> **Materials provided**:
────────
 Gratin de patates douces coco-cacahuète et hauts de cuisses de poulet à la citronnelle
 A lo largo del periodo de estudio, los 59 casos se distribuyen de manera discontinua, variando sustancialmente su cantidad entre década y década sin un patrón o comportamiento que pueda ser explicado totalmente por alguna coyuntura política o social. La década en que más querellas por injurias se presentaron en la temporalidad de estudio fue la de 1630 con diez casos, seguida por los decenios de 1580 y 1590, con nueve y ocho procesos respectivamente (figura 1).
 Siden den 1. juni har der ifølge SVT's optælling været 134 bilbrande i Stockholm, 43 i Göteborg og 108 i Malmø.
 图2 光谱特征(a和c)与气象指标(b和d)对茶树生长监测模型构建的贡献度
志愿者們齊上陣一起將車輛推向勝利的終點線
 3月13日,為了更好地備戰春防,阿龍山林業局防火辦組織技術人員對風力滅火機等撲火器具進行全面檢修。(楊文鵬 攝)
────────
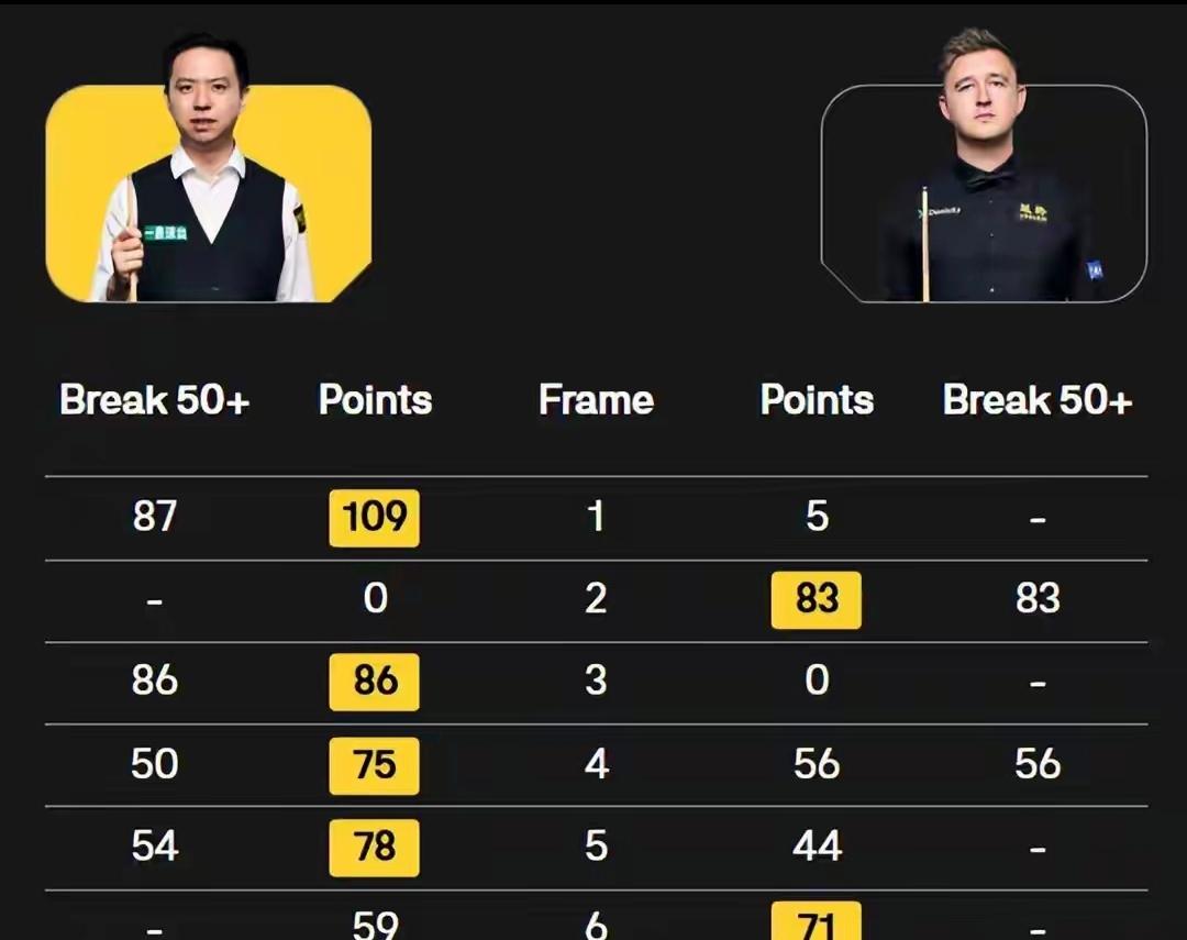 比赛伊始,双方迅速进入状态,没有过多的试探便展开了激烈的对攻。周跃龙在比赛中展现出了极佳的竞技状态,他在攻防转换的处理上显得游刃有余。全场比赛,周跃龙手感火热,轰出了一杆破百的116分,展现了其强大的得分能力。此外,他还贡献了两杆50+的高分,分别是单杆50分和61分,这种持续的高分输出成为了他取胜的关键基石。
────────
> **Directions for this task**: Look through the entries above and quote exactly the lines from the line with "Gratin de patates" to the line with "A lo largo del", counting both of those lines.

> **Answer box**:
 Gratin de patates douces coco-cacahuète et hauts de cuisses de poulet à la citronnelle
 A lo largo del periodo de estudio, los 59 casos se distribuyen de manera discontinua, variando sustancialmente su cantidad entre década y década sin un patrón o comportamiento que pueda ser explicado totalmente por alguna coyuntura política o social. La década en que más querellas por injurias se presentaron en la temporalidad de estudio fue la de 1630 con diez casos, seguida por los decenios de 1580 y 1590, con nueve y ocho procesos respectivamente (figura 1).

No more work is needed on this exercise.